The complexity reduction approached undertaken here is similar to the that undertaken by Burgueno et al. (2008) to identify groups of environment within which genetic correlations among environments was perfect, indicating absence of cross-over interaction. The difference is that Burgueno et al. (2008) estimated a genetic-by-environment dissimilarity matrix using only the loadings, whereas the current study estimated the dissimilarity matrix from the complete (loadings + specific variance) genetic-by-environment covariance matrix, as the aim of the current study was to reduce the dimensions of the covariance matrix. In the current study, scaling was used to reduce variance heterogeneity, whereas heterogeneity of variance among environments would have inflated the specific variance term of the FA parameterisation in Burgueno et al. (2008). Presumably, the Burgueno et al. (2008) approach could be extended to test for homogeneity of specific variances among environments. In addition, an independent relationship model was fitted in the models in Burgueno et al. (2008), whereas here both additive and dominance relationship matrices were fitted. Both approaches provide formal methods to test for heterogeneity among environments and identifying mega-environments, rather than an arbitrary approach employing analysis of visual summaries of the data (Yang et al. 2009). However, knowledge of G × E patterns are only useful for selection if some repeatable factor can be identified which explains the detected patterns and can be used to predict patterns in the target deployment environments (Allard and Bradshaw 1964). Reducing the influence of noise on the complexity of G × E patterns by complexity reduction may aid identification drivers of these patterns and hence their utilisation.

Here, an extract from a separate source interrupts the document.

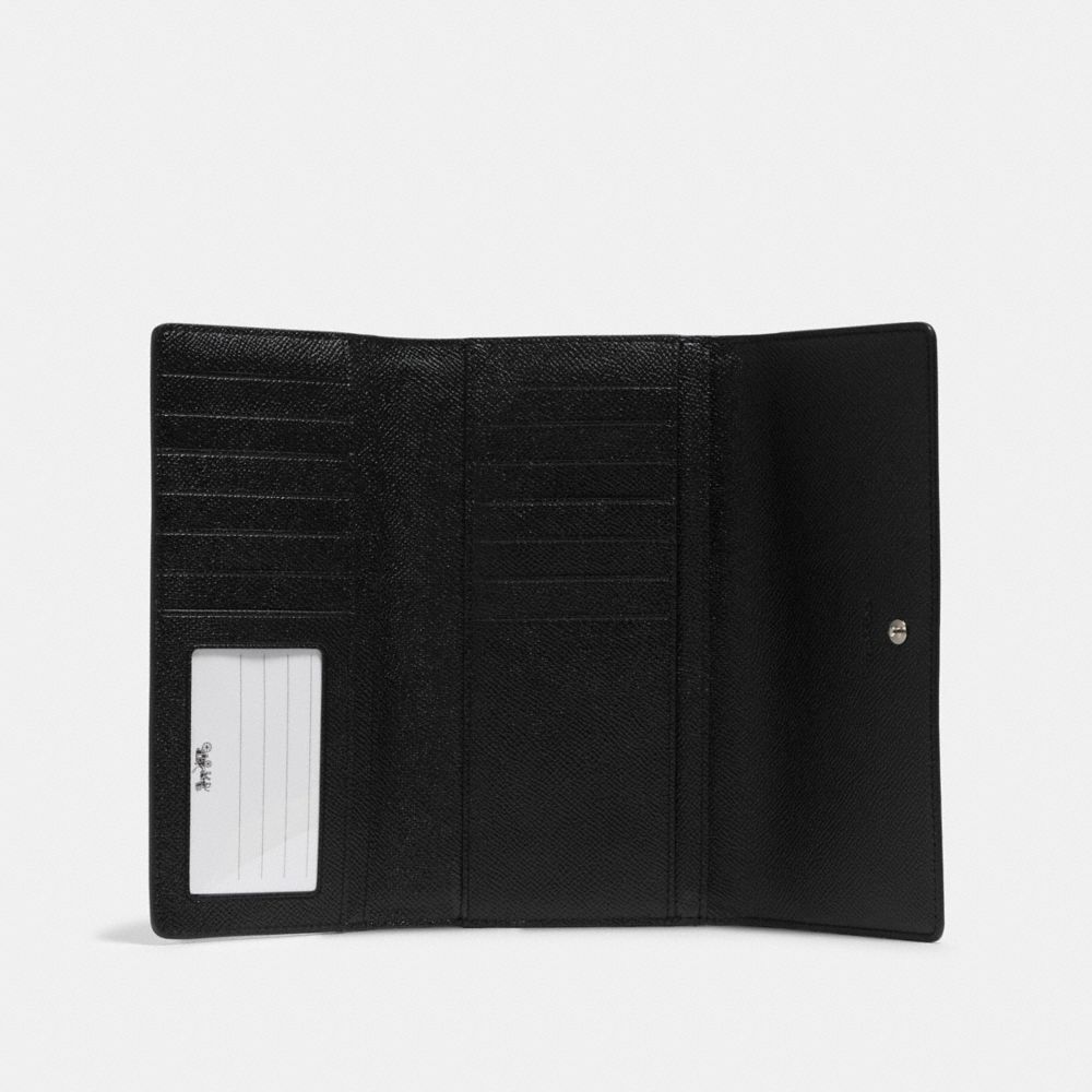 Crossgrain leather| Thirteen credit card slots| Full-length bill compartment| ID window| Snap closure| Outside zip coin pocket| 7 3/4" (L) x 4 1/4" (H)

Hill (1984) demonstrates that when variances are heterogeneous across environments, but heritabilities are similar and genetic effects are highly correlated, selection based on a main effects only model will tend to select more individuals that have been evaluated in more variable environments. In this study, estimated generalised heritability was relatively similar across environments for the most parsimonious G × E model. However, the high correlation of clonal effects predicted from the fit of the main effects only G + E model to scaled observations with average of clonal effects predicted from the fit of a fully unconstrained G × E model (to the same data) suggests that clonal effects predicted from the G + E only model are not greatly biased. This is apparent even though the G × E models were a significantly better fit to the data, and the biplot of the first two singular location vectors indicated G × E. It may be that the relatively high correlation of clonal values among all locations, except Bs, overwhelms the interaction in clonal values between the Bs and the other locations. However, accuracy of additive genetic values predicted from G × E models are greater than for the main genotypic effect model (Smith et al. 2015). A bias may also arise when modelling G × E using the simplified main effect and interaction model (G + G × E, which treats genetic variance and genetic correlations as homogenous among environments). In addition, modelling of G × E provides more flexibility in that weights can be used to target selection for specific environments (Smith et al. 2015; Cooper and Delacy 1994). In this study, genetic variance at different trials at the same location were assumed to be homogenous with perfect genetic correlation as the number of records for most trials was low possibly resulting in over-parameterisation, difficulty in estimation and decreased accuracy (Wolak 2012), and because planting year causes variation which is difficult to control.